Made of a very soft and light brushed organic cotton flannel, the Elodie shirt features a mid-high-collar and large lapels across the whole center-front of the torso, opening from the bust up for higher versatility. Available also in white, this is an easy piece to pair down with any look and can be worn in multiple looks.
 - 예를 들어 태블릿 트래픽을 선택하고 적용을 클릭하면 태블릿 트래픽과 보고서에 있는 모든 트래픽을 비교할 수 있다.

--

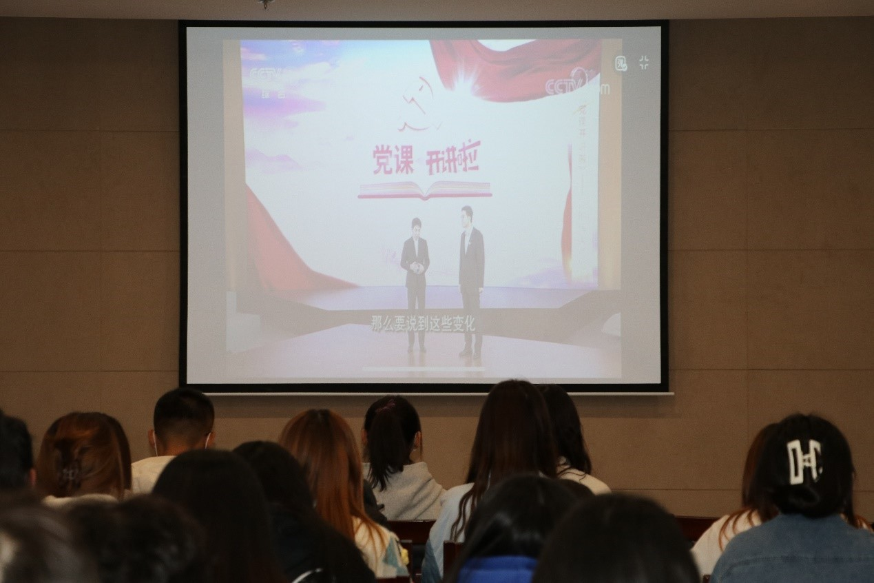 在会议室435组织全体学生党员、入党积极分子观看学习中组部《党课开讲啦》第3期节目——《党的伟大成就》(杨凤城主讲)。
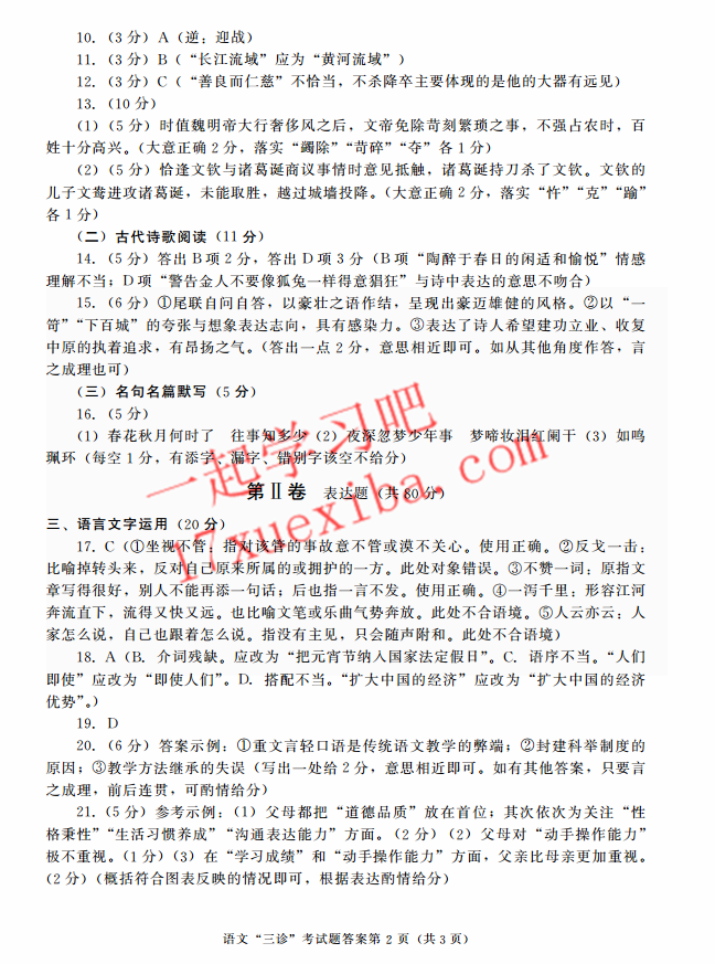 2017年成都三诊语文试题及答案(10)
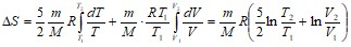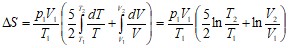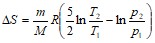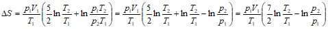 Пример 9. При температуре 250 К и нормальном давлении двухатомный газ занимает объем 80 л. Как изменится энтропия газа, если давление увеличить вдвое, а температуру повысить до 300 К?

--

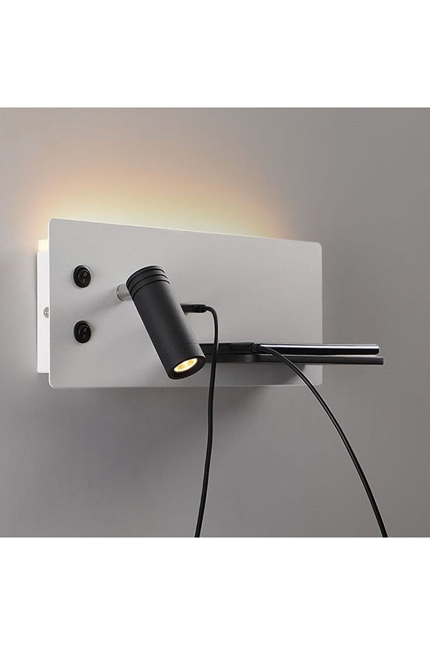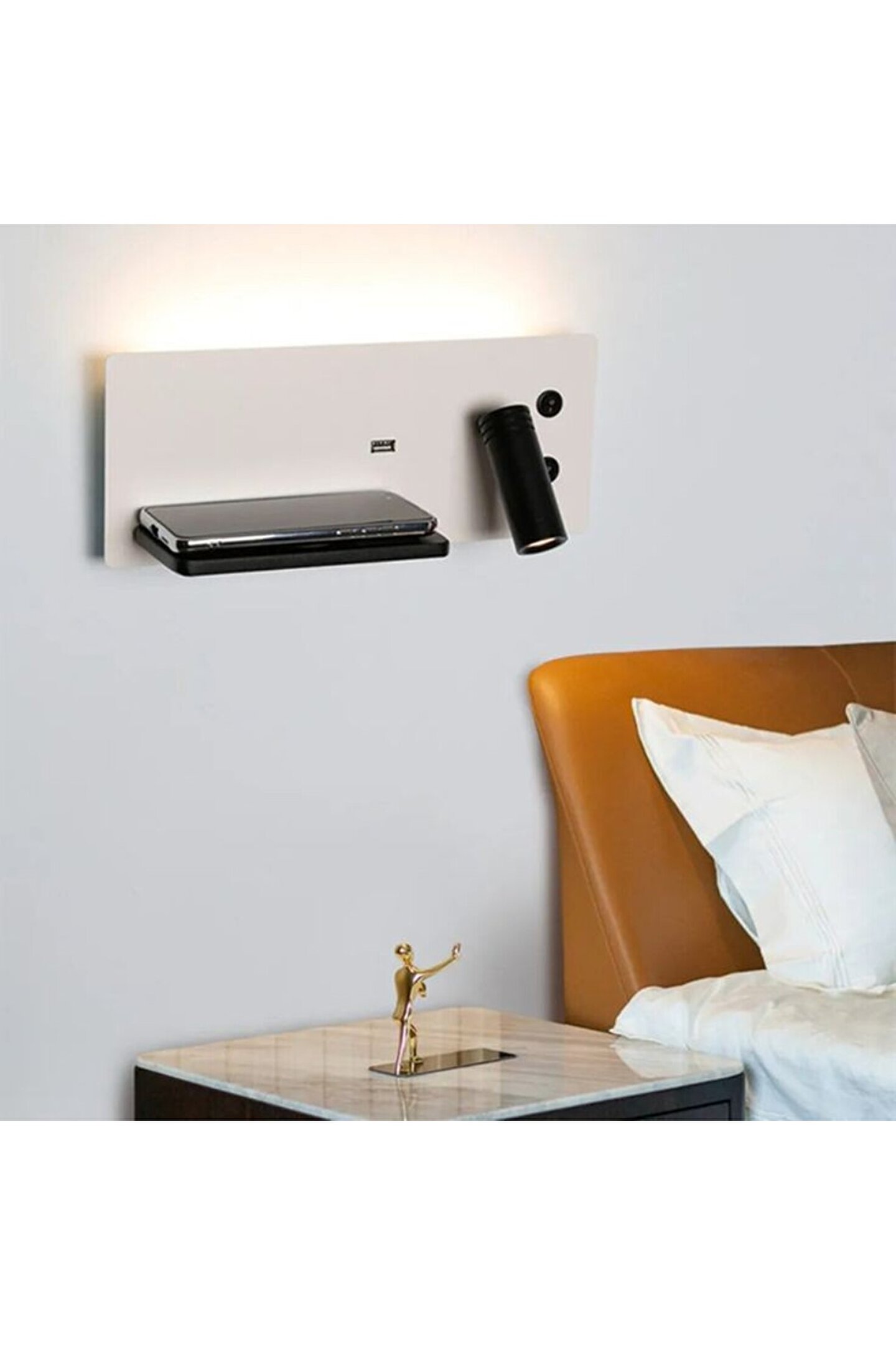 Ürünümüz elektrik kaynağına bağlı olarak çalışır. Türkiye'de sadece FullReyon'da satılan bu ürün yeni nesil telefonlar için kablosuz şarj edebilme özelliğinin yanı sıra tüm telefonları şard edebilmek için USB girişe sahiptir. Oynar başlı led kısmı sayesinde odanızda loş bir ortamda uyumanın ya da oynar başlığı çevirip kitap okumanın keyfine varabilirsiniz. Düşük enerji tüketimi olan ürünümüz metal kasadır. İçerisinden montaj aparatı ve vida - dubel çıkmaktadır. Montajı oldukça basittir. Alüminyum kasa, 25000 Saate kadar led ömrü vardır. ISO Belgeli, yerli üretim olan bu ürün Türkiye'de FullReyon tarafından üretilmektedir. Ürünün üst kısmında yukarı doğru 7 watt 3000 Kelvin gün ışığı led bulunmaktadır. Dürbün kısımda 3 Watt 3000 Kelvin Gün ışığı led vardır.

:: WHAT NEEDS TO BE DONE ::
Working from the data above, extract solely the lines from the one containing "Made of a very" through the one containing "- 예를 들어 태블릿", exactly as they appear, both included.

:: RESPONSE BOX ::
Made of a very soft and light brushed organic cotton flannel, the Elodie shirt features a mid-high-collar and large lapels across the whole center-front of the torso, opening from the bust up for higher versatility. Available also in white, this is an easy piece to pair down with any look and can be worn in multiple looks.
 - 예를 들어 태블릿 트래픽을 선택하고 적용을 클릭하면 태블릿 트래픽과 보고서에 있는 모든 트래픽을 비교할 수 있다.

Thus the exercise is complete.